Straight copy, no pictures: transcribe each entry as it stands.

Saved entries
_____
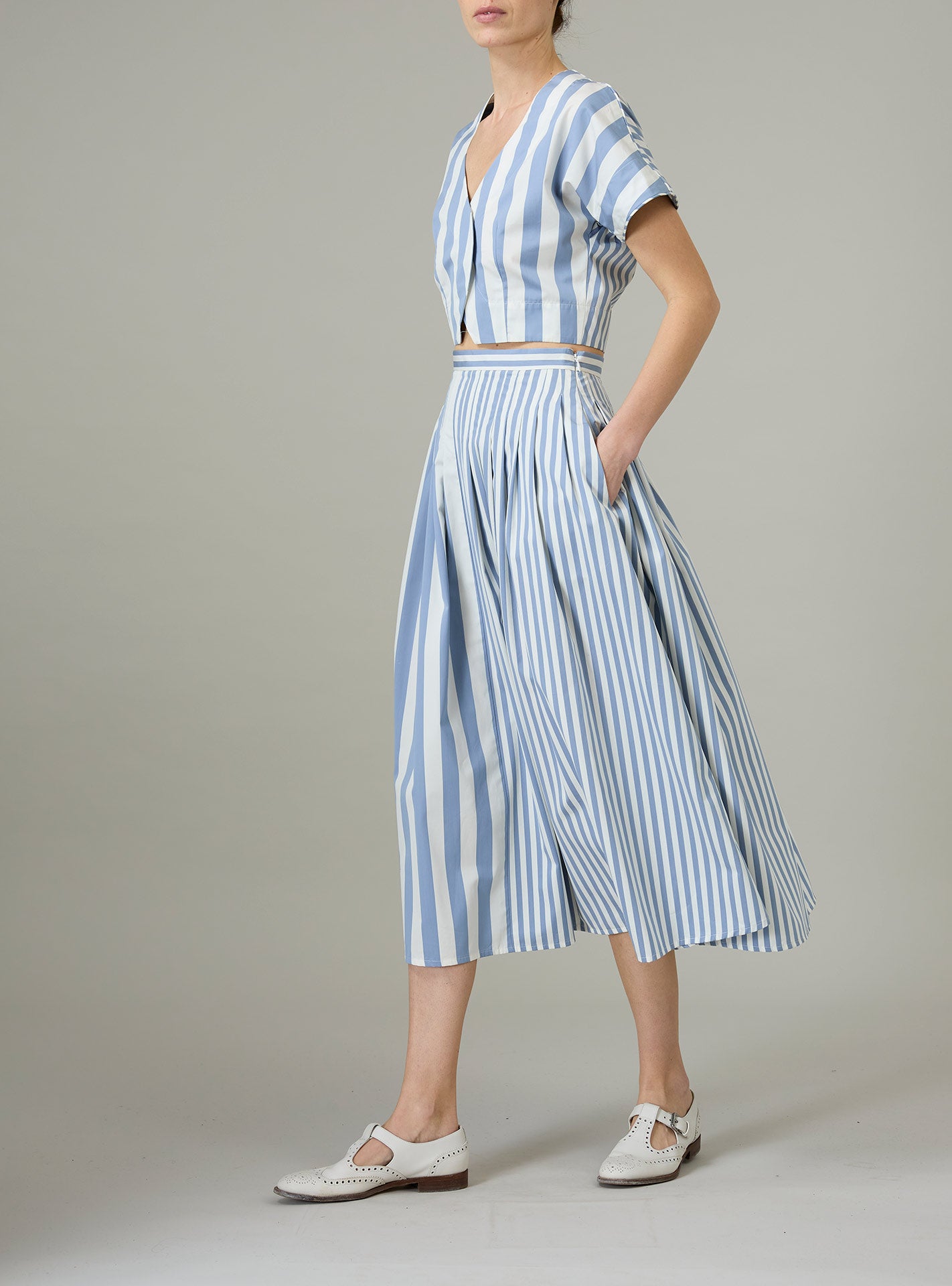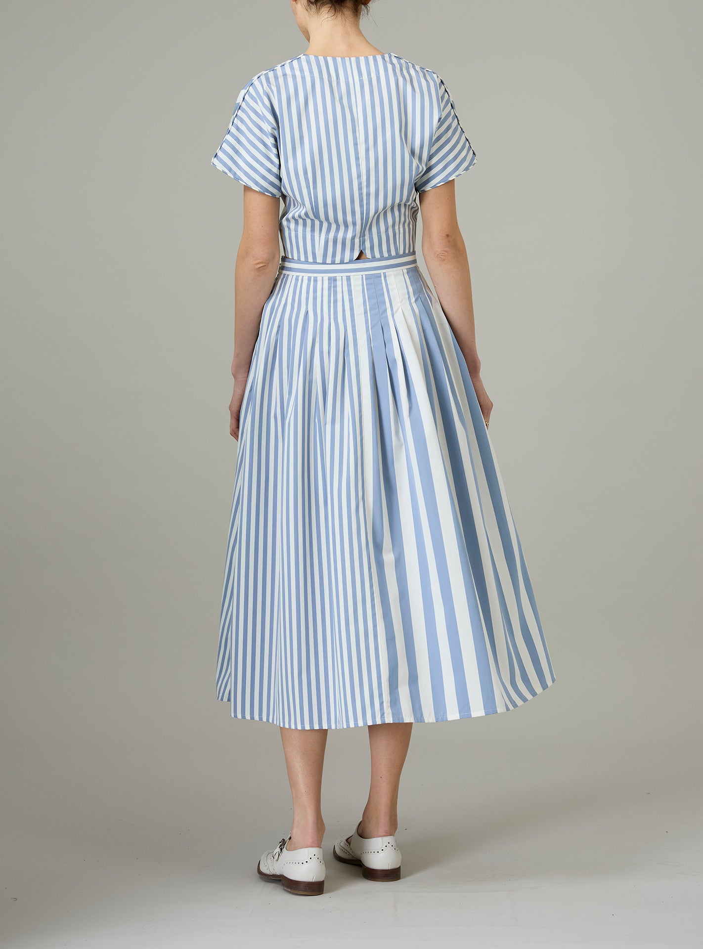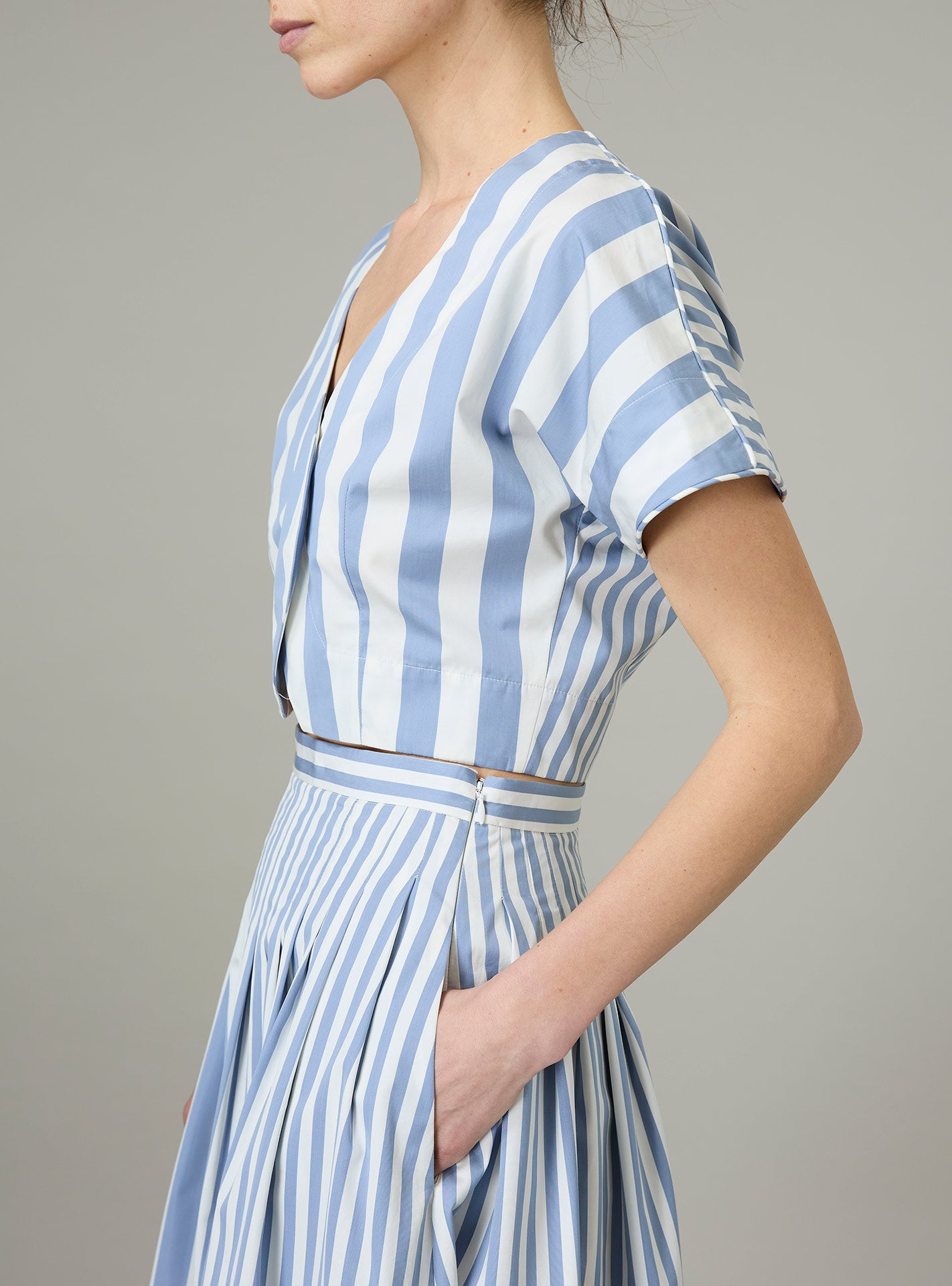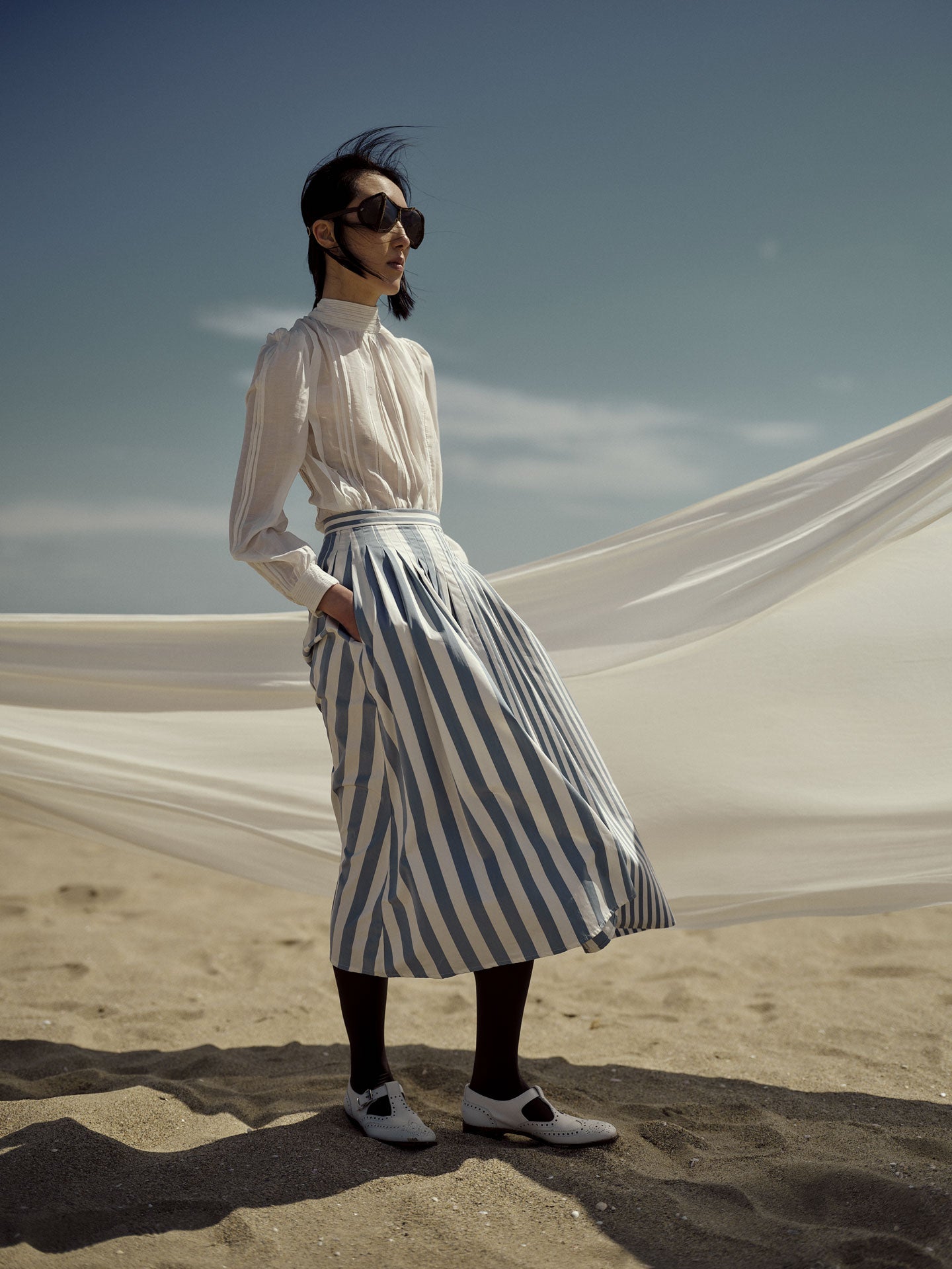 For the summer 2025 collection, I came across this fine crispy poplin called ‘Lady Poplin’, thin and light as a cigarette paper and decline it in three different shades: Office blue, Turtledove and biscuit to build a fresh, chic and modern wardrobe.”
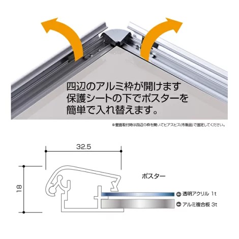 ポスターフレーム看板 W465mm×H640mm シルバー 屋外使用 壁付グリップ式 LEDパネル PGLED-A2【法人名義:代引可】
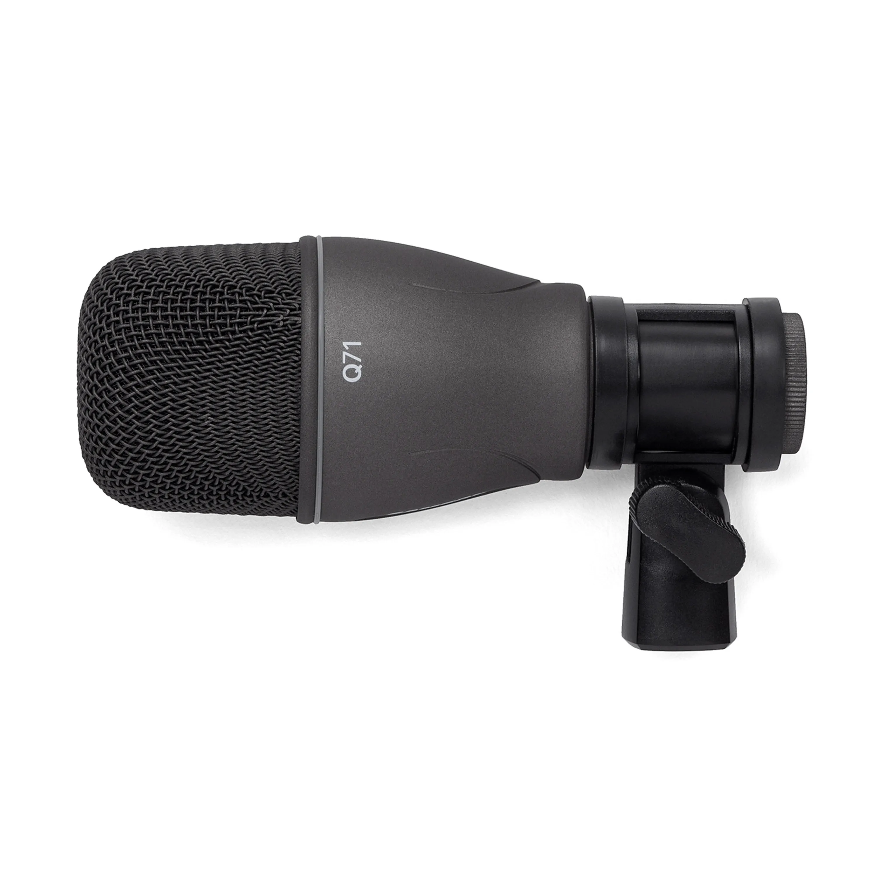 Le DK707 réunit des microphones optimisés pour les principaux éléments de la batterie, avec des dynamiques destinés à la transcription de l'attaque des fûts et la gestion de niveaux SPL élevés. Les deux C02, de type condensateur, se placent en overhead pour capter le détail des cymbales et l'air du kit, assurant une image stéréo naturelle et un champ sonore équilibré. Cette répartition permet de limiter les repisses problématiques et de faciliter l'intégration dans un mix, que ce soit en répétition, en live ou en enregistrement multipiste.
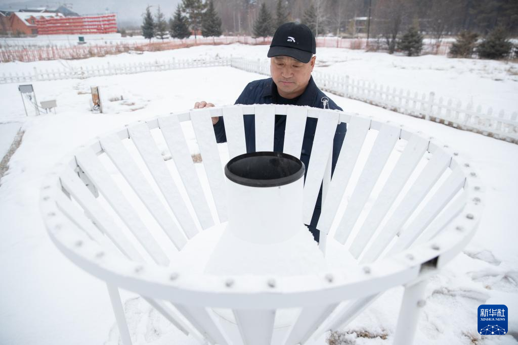 3月22日,在北极村国家基本气象站内,郭大勇巡检蒸发设备。
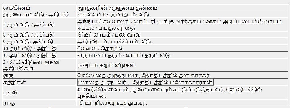 ஒருவரின் ஜனன கால ஜாதகத்தில், பின்வரும் அத்தனை காரணிகளையும் கண்டுதான் பங்குச் சந்தையில் லாபம் காண்பது பற்றி அறிய முடியும்.
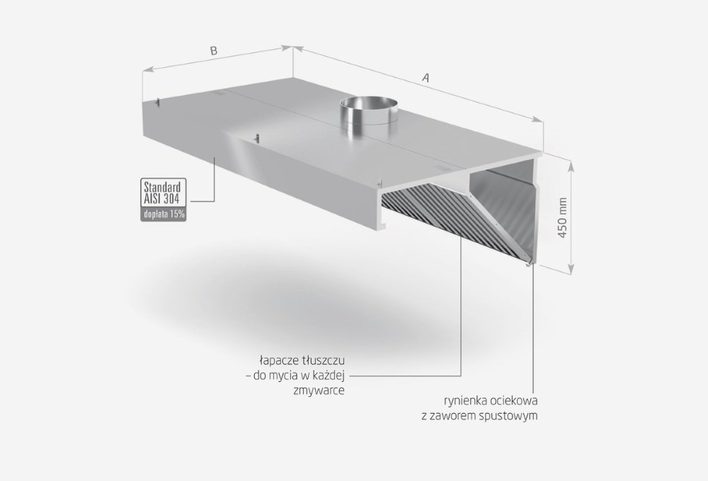 Okapy wywiewne wychwytują i odprowadzają ciepło, parę i zanieczyszczenia (głównie cząsteczki tłuszczu) powstające w procesie gotowania, smażenia i pieczenia w profesjonalnej kuchni, bez dodatkowego doprowadzenia świeżego powietrza. Wywiewane powietrze przepływa przez filtry (łapacze tłuszczu). Cząsteczki tłuszczu i zanieczyszczenia osadzają się na łapaczach i zostają odprowadzone do rynienki ociekowej okapu wywiewnego. Zawór spustowy przy rynience ociekowej umożliwia spuszczenie tłuszczu i zanieczyszczeń.
_____
--- Task output ---
 For the summer 2025 collection, I came across this fine crispy poplin called ‘Lady Poplin’, thin and light as a cigarette paper and decline it in three different shades: Office blue, Turtledove and biscuit to build a fresh, chic and modern wardrobe.”
 ポスターフレーム看板 W465mm×H640mm シルバー 屋外使用 壁付グリップ式 LEDパネル PGLED-A2【法人名義:代引可】
 Le DK707 réunit des microphones optimisés pour les principaux éléments de la batterie, avec des dynamiques destinés à la transcription de l'attaque des fûts et la gestion de niveaux SPL élevés. Les deux C02, de type condensateur, se placent en overhead pour capter le détail des cymbales et l'air du kit, assurant une image stéréo naturelle et un champ sonore équilibré. Cette répartition permet de limiter les repisses problématiques et de faciliter l'intégration dans un mix, que ce soit en répétition, en live ou en enregistrement multipiste.
 3月22日,在北极村国家基本气象站内,郭大勇巡检蒸发设备。
 ஒருவரின் ஜனன கால ஜாதகத்தில், பின்வரும் அத்தனை காரணிகளையும் கண்டுதான் பங்குச் சந்தையில் லாபம் காண்பது பற்றி அறிய முடியும்.
 Okapy wywiewne wychwytują i odprowadzają ciepło, parę i zanieczyszczenia (głównie cząsteczki tłuszczu) powstające w procesie gotowania, smażenia i pieczenia w profesjonalnej kuchni, bez dodatkowego doprowadzenia świeżego powietrza. Wywiewane powietrze przepływa przez filtry (łapacze tłuszczu). Cząsteczki tłuszczu i zanieczyszczenia osadzają się na łapaczach i zostają odprowadzone do rynienki ociekowej okapu wywiewnego. Zawór spustowy przy rynience ociekowej umożliwia spuszczenie tłuszczu i zanieczyszczeń.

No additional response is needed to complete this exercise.